Когда мне было пять лет, к нам в дом приехал погостить мой двоюродный брат, Роберт Алан Стивенсон. Он был на три года старше меня, мечтательный ребенок, который жил со своими сестрами, родителями и сказками «Тысячи и одной ночи», точно во сне и для земной жизни, как показали события, был приспособлен не более чем ангел, только что сошедший с небес. Когда-нибудь я расскажу о нем особо и подробней; теперь же цель моя рассказать о себе, а других упоминать лишь постольку, поскольку они соприкасались со мною, пока складывалась моя личность. Мы с ним жили в некоем призрачном мире. У каждого была своя страна (его звалась Следопытия, моя — Энциклопедия); мы правили ими, вели войны, совершали открытия и без устали составляли карты своих владений. Его страна по очертаниям немного напоминала Ирландию; моя же тянулась наискось через лист бумаги, как большая чурка для игры в чижа. Нам никогда не надоедало рядиться. Мы рисовали, мы раскрашивали свои картины; мы рисовали и вырезывали картонные фигурки для кукольного театра: театр этот — одно из любимейших развлечений моего детства, мне так было жаль его бросать, что я играл тайком лет до пятнадцати. Одним словом, приезд Боба в гости был великим праздником в моей жизни.

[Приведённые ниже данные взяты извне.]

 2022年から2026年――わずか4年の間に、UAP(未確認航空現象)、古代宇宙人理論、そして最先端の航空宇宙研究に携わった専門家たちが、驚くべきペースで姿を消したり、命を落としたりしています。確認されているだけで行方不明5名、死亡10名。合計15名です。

Кстати, тогда же я приобщился к литературным занятиям. Мой дядя, Дэвид Стивенсон, объявил награду — один фунт стерлингов — тому из нас, кто напишет лучшее жизнеописание Моисея. Мое сочинение было, разумеется, продиктовано; и с той поры по нынешний день я неизменно диктую всякий раз, когда есть кому. Житие Моисея было щедро иллюстрировано автором в весьма вольном стиле. На этих иллюстрациях каждый из сынов израильских был изображен с трубкой в зубах, чтобы не так скучно было мерить шагами пустынные просторы. Надо сказать, я вечно что-нибудь рисовал; но делалось это из чисто подражательных и сочинительских побуждений. Я никогда не рисовал с натуры, даже не срисовывал; я просто раскрашивал свои выдумки с целью, прямо противоположной цели настоящего художника. Говорят, я однажды пришел к матери с такими словами: «Мама, я тело уже нарисовал, нарисовать теперь душу?» Это показывает, как рано я пристрастился к рисованию, но использовал его лишь как язык своего рода, даже не помышляя о точности формы или красоте линий. Юные годы истинного художника знаменует собою не столько бойкость кисти, сколько умение видеть.

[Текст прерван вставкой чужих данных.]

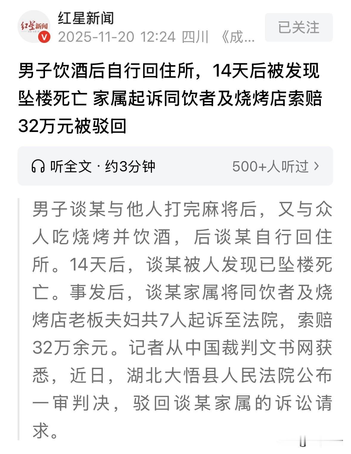 湖北孝感,男子和几个朋友打麻将,结束后,赢钱的朋友请吃饭,6个人一同来到烧烤店,点了一瓶白酒分着喝了,结束后,男子独自回到住所,然而,14天后,一保洁发现男子死在了位于五楼和六楼间的平台上,经鉴定为摔伤致死。事后,男子家属把同饮者,以及烧烤店老板夫妇共7人起诉至法院,索赔32万多,结局亮了。 2024年11月3号晚上,谈某和付某、颜某波、颜某在颜某珍的茶馆打完麻将,颜某珍从赢的钱里抽了200块,说:走,今儿我请客吃宵夜! 旁边看牌的赵某元也跟着凑热闹,6个人晃晃悠悠走进段某国、陈某霞开的烧烤店,点了烤串,又让老板开了瓶大牛栏山白酒。 烧烤店老板娘陈某霞记得,那瓶白酒6个人分着喝,倒也没人喝得东倒西歪。 凌晨一点多,几人酒足饭饱,颜某珍掏了210块结了餐费。 6个人陆续起身离开,谈某走在最后,谁也没看出他有啥不对劲。 谁也没料到,14天后,小区保洁张婶清早扫楼道时,在位于五楼和六楼间的平台上发现了谈某的尸体。 法医来验尸,只说是摔伤致死的,具体咋摔的、啥时候摔的,谁也不知道。 更诡异的是,谈某消失整整14天,家中竟无一人察觉。 事后,谈家人把麻将馆老板娘颜某珍、烧烤店段某国夫妇、四个同桌的人全告了,索赔32万,说他们没照顾好醉酒的谈某,才导致人摔死。 这下,几个人彻底坐不住了。 颜某珍表示,自己真没见谈某喝多,平时打牌他都是自个儿骑电动车回去的。 段某国也喊冤,说我们店从没见过谁喝得烂醉,况且那瓶白酒6个人分着喝的,能醉到哪儿去? 根据证据材料,原告拿出的死亡证明只写“摔伤致死”,并没有没提是“酒后失足”。 监控录像里,谈某离店时走路稳当,看不出醉酒迹象。 而且,从11月4日凌晨离店到11月17日死亡,中间隔了整整14天,这期间谈某经历了啥,谁也说不清。 谈某媳妇说,丈夫平时酒量小,喝两杯就脸红,那晚肯定喝多了! 可被告们全否认谈某醉酒,烧烤店老板娘陈某霞作证,说谈某离店时还跟人打招呼呢,哪像喝多的样儿? 法官听后表示,原告得拿出证据证明谈某当时处于醉酒状态,其他人有义务照顾却没照顾。 可谈家人拿不出任何证据。没监控拍到谈某回家时摔倒,没证人看见他醉酒,连法医都没法确定酒精和死亡的关系。 那么,从法律角度,怎么看待这件事? 《民法典》第1165条规定:行为人因过错侵害他人民事权益造成损害的,应当承担侵权责任。依照法律规定推定行为人有过错,其不能证明自己没有过错的,应当承担侵权责任。 首先,侵权责任需满足四项要件:行为人存在过错、实施了侵权行为、造成损害后果、行为与后果存在因果关系。 原告主张被告未尽到共同饮酒者的照顾义务,但未能提供直接证据证明谈某当晚处于醉酒状态。 烧烤店老板娘陈某霞的证言显示,六人分饮一瓶白酒后,谈某离店时行为正常,无醉酒迹象。被告方均否认谈某醉酒,且监控录像未显示异常。 根据“谁主张、谁举证”原则,原告需证明被告存在“未履行注意义务”的过错行为,但现有证据仅能推定谈某饮酒,无法证明其达到需要他人搀扶或监护的醉酒程度。 谈某死亡时间与饮酒时间间隔14天,死亡原因仅为“摔伤”,无证据表明酒精直接导致其失足或丧失行动能力。 医学证明未明确死亡与饮酒的关联性,原告亦无法排除期间其他致死因素,如突发疾病、意外事件。 根据法条“因果关系”要件,需证明“无此行为则无此损害”,但时间跨度与证据缺失导致无法建立直接联系。 法院严格适用《民事诉讼法》解释第90条,强调原告需对全部要件承担举证责任。原告仅完成“损害后果”的证明,但无法填补“过错行为”“因果关系”的证据空白。 即使存在共同饮酒的社交习惯,法律也不当然推定义务存在,需以“可预见性”“控制力”为标准判断注意义务边界。 谈某离店时行动正常,被告无理由预判其后续危险,故不构成“未履行救助义务”的过错。 最终,法院认定原告“举证不能”,驳回了全部诉讼请求。 有人说喝酒出事自己担,也有人说朋友就该互相照应,可法律只看证据,情理上再怎么猜测,也得举证。 谈家人没拿到的赔偿,归根结底是这件事谁也说不清了,谁也不知道事和事之间到底藏着怎样的因果链。 对于这件事,你怎么看? 欢迎关注@一案一论

Читать я научился семи лет, рассматривая картинки в иллюстрированных журналах, когда выздоравливал от желудочной лихорадки. Так это и случилось — единым духом; все прежние старания меня обучить терпели неудачу из-за деятельного моего бездействия и замечательной непоследовательности ума. Та же лихорадка памятна мне и по другой причине: один из маленьких моих двоюродных братьев (Д. А. С.) всякий день слал мне письма. Это была доброта, которую я не забуду, пока жив; хотя мы редко видимся теперь и я не думаю, чтобы он питал ко мне особую нежность, в моем сердце живет удивительно теплое, невысказанное и нежное чувство к нему. Так как он, вероятно, меня переживет, я надеюсь, что он прочтет эти слова и примет благодарность, которую я по застенчивости так и не решился принести ему лично.

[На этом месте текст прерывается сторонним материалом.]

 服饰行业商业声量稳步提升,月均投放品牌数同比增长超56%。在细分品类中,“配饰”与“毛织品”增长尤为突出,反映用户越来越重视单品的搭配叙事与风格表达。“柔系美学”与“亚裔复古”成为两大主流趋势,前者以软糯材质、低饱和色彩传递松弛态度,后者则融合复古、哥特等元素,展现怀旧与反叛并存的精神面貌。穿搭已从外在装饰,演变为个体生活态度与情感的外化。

Вообще говоря, мне не очень-то весело вспоминать мои детские годы. Себялюбец я тогда был такой же, как и всю жизнь; страстно жаждал внимания к себе; лгал без зазрения совести, хотя чаще бывал в том обвинен напрасно — вернее, напрасно терпел наказание, потому что лгал бессознательно. Я был чувствителен, плаксив, постно благочестив, тошнотворно набожен. Я верю и надеюсь всей душой, что взрослый я лучше, чем был ребенком. С низким при сем поклоном Вордсворту.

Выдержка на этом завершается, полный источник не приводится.